I use this function (https://github.com/NVIDIA/TensorRT-LLM/blob/main/cpp/tensorrt_llm/kernels/cutlass_kernels/cutlass_heuristic.cpp#L196) to get the best tile config, and make sure it only run one time for specific [m,n,k].

Do you include this function into your time calculations? This might take significant amount of time. Which candidate_configs do you provide?

Is there difference between cutlass_heuristic and gemmPluginProfiler ? From io variable I think they are both for get best CutlassGemmConfig.

Yes, cutlass_heuristic uses some estimation heuristics to find the best config without running it. While it is relatively fast estimation method, it is not always accurate. gemmPluginProfiler simply profiles each GEMM config to choose the fastest. gemmPluginProfiler should be executed offline, but it gives more accurate results.

It is the only one shape that diff with case variable name tells. But I change it into 64 and re-run those cases, get no difference performance.

Indeed, this mismatch is a bug. Thank you for reporting this. I believe that it makes difference, just not on the cases you've profiled.

beegerous commented 8 months ago

@nekorobov thanks for your advise. I change cutlass_heuristic into profiler, and int8 gemm on a100 become much faster. here is the latest result. (trt-llm cost does not contain profiler time.)

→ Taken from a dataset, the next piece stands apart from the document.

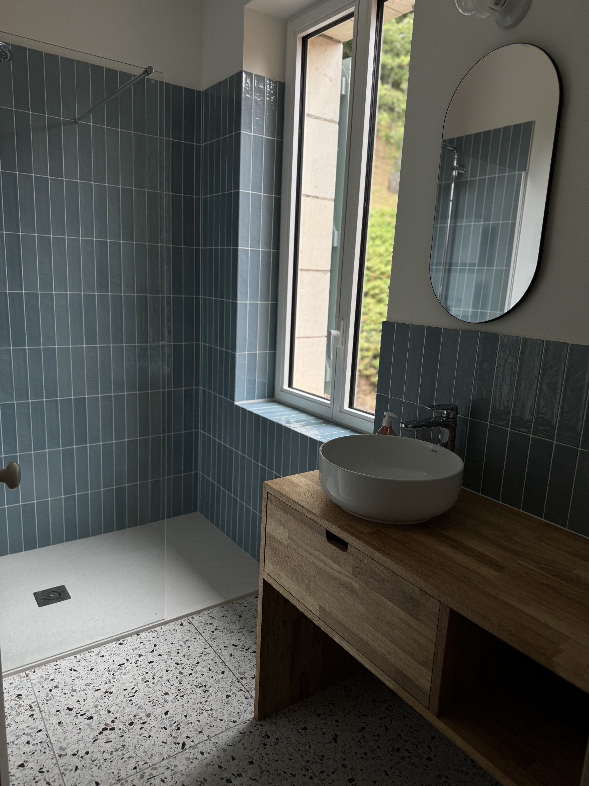 La maison comprend deux salles de bains, l'une avec douche et l'autre avec baignoire dans la suite parentale, offrant tout le confort nécessaire.
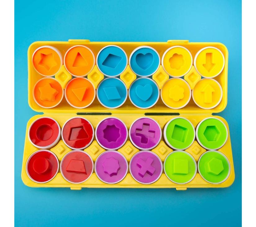 Montessori jaja brenda WOOPIE edukativna su igračka koja razvija djetetovu motoriku i koordinaciju oko-ruka. Set sadrži 12 bijelih jaja u kartonskoj kutiji koja će svojom šarenom unutrašnjosti u različitim oblicima potaknuti igru.  Igra uključuje spajanje dviju polovica jaja u cjelinu. Jaja trebaju biti usklađena i bojom i oblikom .

m n k torch cost(s) trt-llm cost(s)
1024 1024 1024 19.89363145828247 20.7686026096344
2048 2048 2048 8.329726219177246 7.037260055541992
4096 4096 4096 63.426324129104614 44.36107349395752
8192 4096 4096 125.48689246177673 96.80497765541077
4096 8192 4096 126.33650040626526 85.49396276473999
4096 4096 8192 118.56665873527527 86.97948837280273
foreverlms commented 4 days ago

@nekorobov thanks for your advise. I change cutlass_heuristic into profiler, and int8 gemm on a100 become much faster. here is the latest result. (trt-llm cost does not contain profiler time.)

m n k torch cost(s) trt-llm cost(s) 1024 1024 1024 19.89363145828247 20.7686026096344 2048 2048 2048 8.329726219177246 7.037260055541992 4096 4096 4096 63.426324129104614 44.36107349395752 8192 4096 4096 125.48689246177673 96.80497765541077 4096 8192 4096 126.33650040626526 85.49396276473999 4096 4096 8192 118.56665873527527 86.97948837280273

Have you misstaken the unit? us not seconds?